Other sectors such as PC Anywhere could also be used, including the administrator, by using a dictionary attack to find the password. The FTP port was also vulnerable.
“If I was distributing child porn, I could tell the guys I publish the stuff [here]. This becomes a host to distribute child porn,” he says.
Mali thus gave DataGlobal its low mark, summing up by saying having the server outside the firewall was like leaving your windows and doors open in a poor neighbourhood. The insecure web server might create problems, and access to Notes may be significant, he says. But at least by using an uncommon web server it has few known vulnerabilities, unlike Microsoft IIS. The FTP site write access was “a significant breach”, placing it at risk from “inappropriate use”.

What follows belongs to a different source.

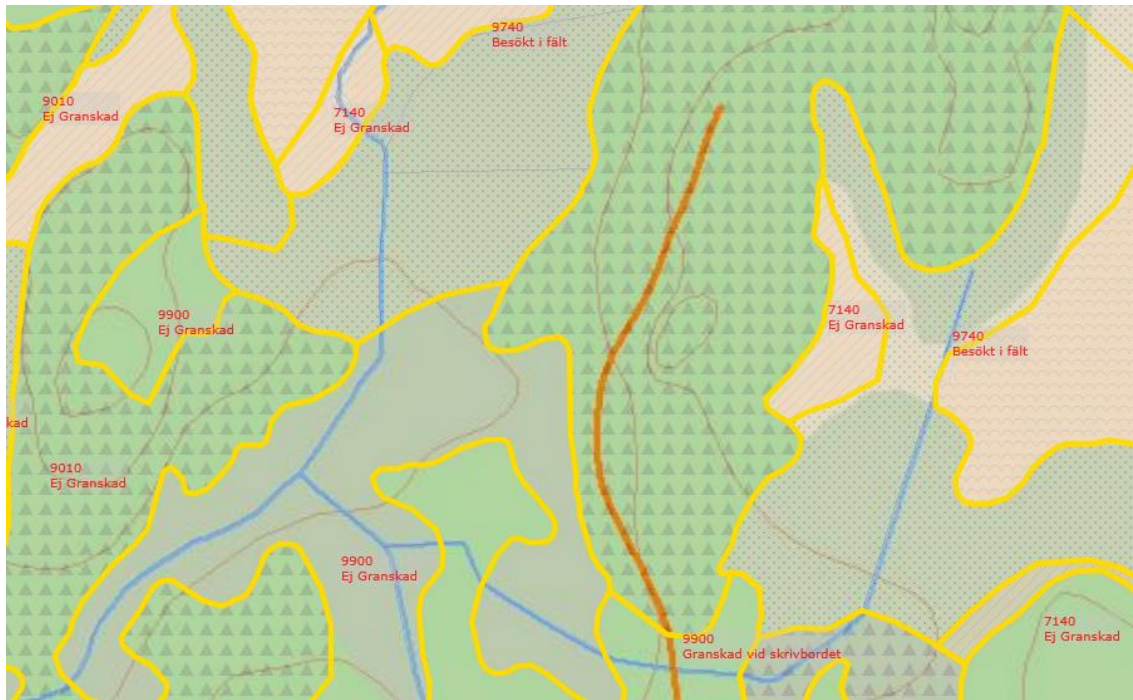
Figur 3. Genom att använda etiketter (labels) går det att bedöma ytornas karteringsstatus eller naturtypsstatus.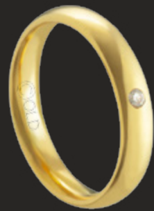
AT-440/C L: 4mm A: 1,8mm

Mali says no system can ever be 100% safe, it is a matter of risk assessment, weighing up the costs of providing extra security against the value of the accessible information, the costs of a "downed web site and so on."
Firms also need to see security as an investment, a business enabler, not expenditure. They should also be more pro-active, he says.
“Having found some holes in less than two hours, the last thing I want to hear from the IT operation is that it will go and fix those holes now and it knows how to do it,” Mali says.
Kaminski was impressed with the test and would have liked a lengthier one. The main “surprises” were the FTP breach “which I have now fixed” and gaining the list to the Lotus databases.
He now rates his security as 5/10, saying his firm plans an extra firewall by the server or packet filtering on the router. To make it worthy of 8/10 would cost $100 for parts and $1000 for labour.
“We know the problem. We know how to fix them. We just need to get the time. But Mali got far enough to almost control our machines,” he says.